Comme son nom l’indique, c’est un miroir qui permet d’avoir une vue sur les véhicules en approche là où la visibilité est fortement réduite. Par exemple, dans un carrefour situé entre des habitations. Il sert aux riverains disposant d’un garage mais dont la vue est masquée par d’autres voitures en stationnement par exemple. On le trouve également aux arrêts de tram là où la piste cyclable prend fin et où les cyclistes continuent sur la chaussée. Ils peuvent prendre plusieurs formes: ronds, carrés, rectangulaires. Ils ne sont pas repris dans le Code de la route.

miroir de sécurité
miroir en sortie de résidence
miroir de sécurité
miroir de sécurité envers les cyclistes

À Bruxelles, la Région refuse toute nouvelle demande sauf en cas d’absolue nécessité. Les raisons invoquées sont multiples. « Ils induisent un faux sentiment de sécurité aux usagers et, donc, un comportement dangereux lié à une mauvaise estimation des distances par l’effet de déformation des images dans le miroir. (…) C’est également ingérable pour nous de poser et entretenir ce type d’infrastructure à chaque sortie de parking, de garage commun, de garage particulier » (C. Thiry, porte-parole de Bruxelles Mobilité).

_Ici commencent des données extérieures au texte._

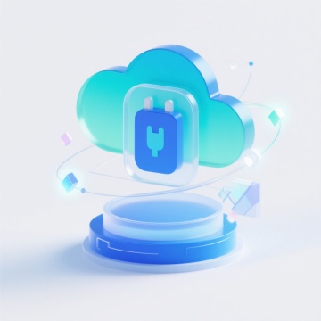 赛博朋克风格的插头图标设计,插头造型融合机械齿轮与电路板纹理,闪电符号采用霓虹蓝发光效果,整体被半透明渐变紫色圆形环绕,边缘带有故障艺术风格的电子干扰线条,背景为深色网格渐变,呈现出未来科技感与工业风的结合,简洁有力的视觉符号,适合科技产品或能源相关主题的标识设计。
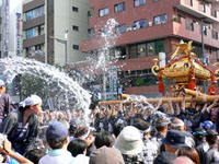 | 今年は3年に1度の本祭りということで、壮大な神輿連合渡御が見られました。別名「水かけ祭り」とも言われるこのお祭り、御神輿が通ると沿道から水がかけられます。神輿を担ぐ人たちからは、湯気が立ち上ってましたよ。近くで見ると、結構迫力のあるお祭りでした。 |

On peut noter d’autres soucis comme le risque d’éblouissement, l’arrondi qui induit une mauvaise perception des distances notamment envers les cyclistes, des salissures naturelles dans les endroits boisés ou en raison de la météo, de l’état général en raison d’un manque d’entretien, etc. Il appartient au gestionnaire de voirie de fixer d’éventuelles caractéristiques techniques en cas d’autorisation de placement. Certaines communes, comme Uccle, ont fait le choix de continuer à les placer (Règlement miroir).

En Wallonie, il existe des recommandations (cf. Sécurothèque). Par exemple, le miroir doit toujours être bordé d’une ligne striée rouge et blanche pour le distinguer du fond.